Control of Delegated Legislation by the Courts


Delegated legislation can be challenged in the High Court Queen’s Bench Division. This is known as Judicial Review. The delegated legislation can be declared ultra vires which is Latin for ‘beyond the power’ and the effect of this is to make the delegate legislation void or not effective. There are 3 types.

Procedural ultra vires. This means the minister or department has not followed the procedures set out in the Parent Act.
Aylesbury mushrooms case
A training board was introduced for farmers.  The farmers themselves were then asked to pay for it.  This was all right as long as they had been consulted, but it was not all right for some mushroom growers who had not been consulted.  The court decided that they didn’t have to pay.
Substantive ultra vires. This means that the powers given to the person making the delegated legislation in the Parent Act have been exceeded.
Cure and Deeley Case (1962)
Finance Act 1940 gave Customs and Excise power to make any law they wanted - charge tax when tax return was submitted late This was wrong as it gave a government department more power than Parliament

Fulham Corportation
The parent act gave the Council the power to build shared washing facilities for a group of houses.
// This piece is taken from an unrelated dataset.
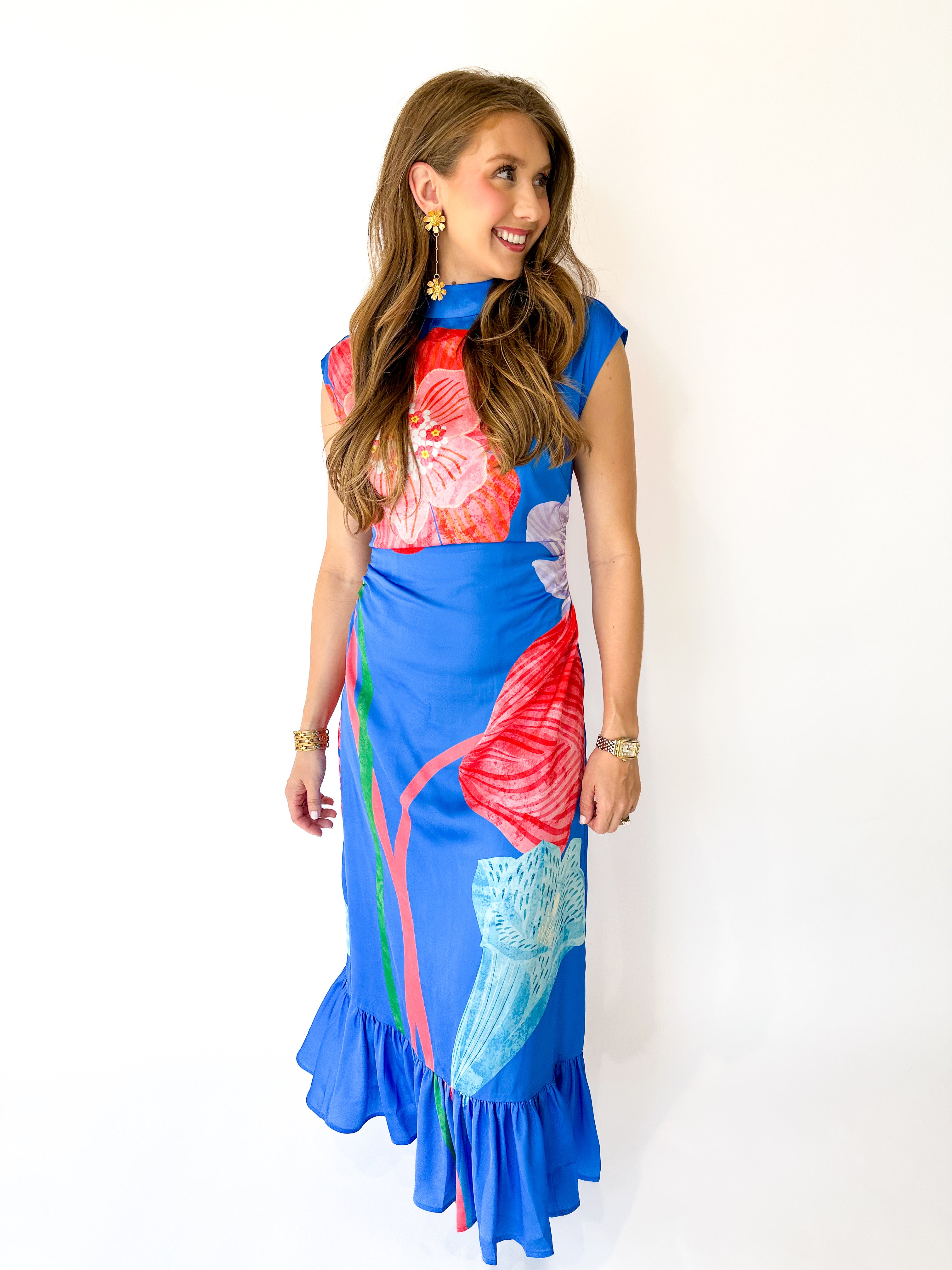 Say hello to our gorgeous Estelle dress! This form-fitting and classic, maxi style frock with cap sleeves and ruffle details will be the perfect addition to your spring closet. We are swooning over the beautiful blue and poppy combo for your next Spring event!

They actually built a launderette which the residents had to pay for. This went beyond the powers given in the parent act and this was Ultra Vires. 
Unreasonableness. This means that the delegated legislation made is so unjust that no reasonable body could have made it.
Strictland v Hayes Borough Council
It was unreasonable to ban people from using bad language in private when the Parent Act had given councils the power to punish people singing obscene songs generally.  The power should have been limited to public places.
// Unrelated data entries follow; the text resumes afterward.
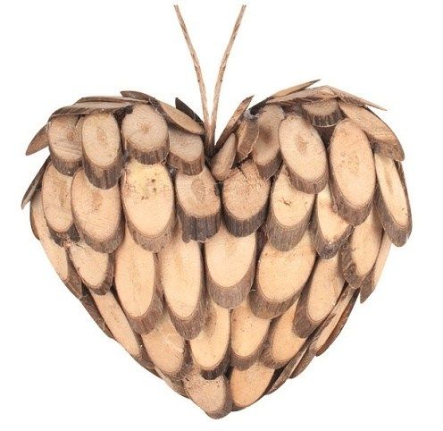 Srdce z dřevěných plátků na zavěšení 10 x 9 x 5 cm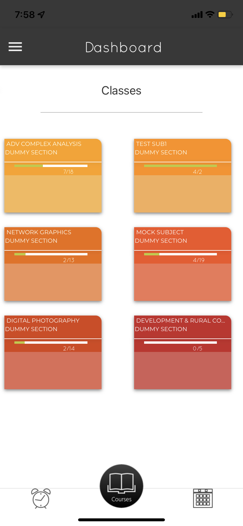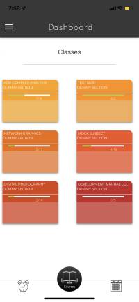 Description of fields: A folder is presented for each course. The folder is touchable and takes the user to Course Home display, which presents details of each course.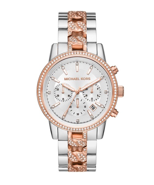 41mm径のケースにクロノグラフムーブメントを搭載した、MICHAEL KORSのRITZ ウォッチ。グリッツインデックスを配したホワイトのサンレイダイヤルに、パヴェトップリングと、ローズゴールドトーンのチェーンセンターリンクをあしらったパヴェツートーンステンレススチールブレスレットを組み合わせました。防水:10 ATM 保証:2年間 ブランド名:MICHAEL KORS,マイケル・コース コレクション名:RITZ,リッツ カテゴリー:時計(ウォッチ) MICHAEL KORS(マイケル・コース)について ラグジュアリーな“Jet Set life”をテーマに、あらゆるシーンで活躍する都会的でスポーティーなコレクションを提案するライフスタイル・ブランド、MICHAEL KORS。※外箱は輸送時にキズや凹みなどが生じる場合がございます。予めご了承ください。※納品書は、保証書の代わりとなります。納品書は商品ご購入後、注文履歴よりダウンロードいただけます。※【充電式でないクオーツ製品の場合】お買い上げいただきました時計にセットされている電池は、機能や性能に問題がないかをチェックするモニター電池となっております。お買い上げいただくまでの期間にも電池はある程度消耗するものでご購入時までに電池がもたない場合もございます。電池切れは保証の対象外となりますので、予めご了承ください。

Control of delegated legislation by Parliament


What can Parliament do?
Notes
Parliament passes the original Parent Act and can limit the powers given in the act at that stage.  Enabling Act
 
 
 
 
Framework for the new law. Authority for a specified person (Government minister) or body (local authority) to make further more detailed law.
Specify area within the law can be made and procedures
A Statutory Instrument may be subject to the Affirmative Resolution Procedure – it will not come into force unless Parliament specifically approves it. The need for this resolution will be included in the Parent Act.
Must be approved by one or both houses. Usually 28 or 40 days.
Time consuming.
Can’t be changed only approved, annulled or withdrawn.
Government usually gets its way because it has a majority in Parliament.
Affirmative resolution is not used very often
Must be debated in parliament
Most Statutory Instruments are subject to the Negative Resolution Procedure – the instrument will become law unless rejected by Parliament within 40 days.
Goes before both houses
Can have a motion called a ‘prayer’ calling for annulment – there is then a debate and a vote on the annulment. If annulment is passed then doesn’t become law
More often than it is passed
Joint Select Committee on Statutory Instruments (the Scrutiny Committee) reviews all Statutory Instruments and will refer them to Parliament if the go beyond the powers of the enabling Act, show an unusual or unexpected use of powers,  have been badly drafted or impose a tax.
Made up of MP’s and peers.
Difficult to scrutinise everything as 3000 SI’s each year.
Limited power, can’t actually amend SI’s, only report back on them – reports often ignored.
Ministers can questioned in the House of Commons by any MP at any time about their work and proposed statutory instruments.
At question time or in debate, gives publicity, to DL due to presence of media in Parliament.
Minister has to justify legal provision
Only works if politician answers the question and doesn’t avoid it

Tuesday, 8 October 2013

Types of Delegated Legislation

Statutory Instruments
Statutory instruments are laws created by individual government ministers. They will usually be amendments to current laws that need updating or changing. One example of this type of Statutory Instrument is Section 17 of the Road Traffic Act 1988 which made motorbike helmets compulsory by law for motorbike riders. However, Statutory Instruments can be used to create new laws altogether. The minister of the topic involved will draw up the legislation. For example the Secretary of State for Education created the Educational Reform Act 1988. Because he was minister for education it was up to him to use his department to research and draft this law.

Bylaws
When parliament lacks local or technical knowledge they give the power to make laws to public bodies and local authorities like local councils or universities. For example the London Underground used parliamentary powers to ban smoking on its property.

Orders in Council

Following the 1920 Emergency powers act the monarch and the Privy Council powers to make laws in emergencies. The privy council is made up of the queen, 300 past and present ministers, the speaker of the House of Commons, the leaders of all the major political parties and the PM or representative for him. An example of an Order in Council was when on September 11 2001 they grounded all UK flights in case of a terrorist attack.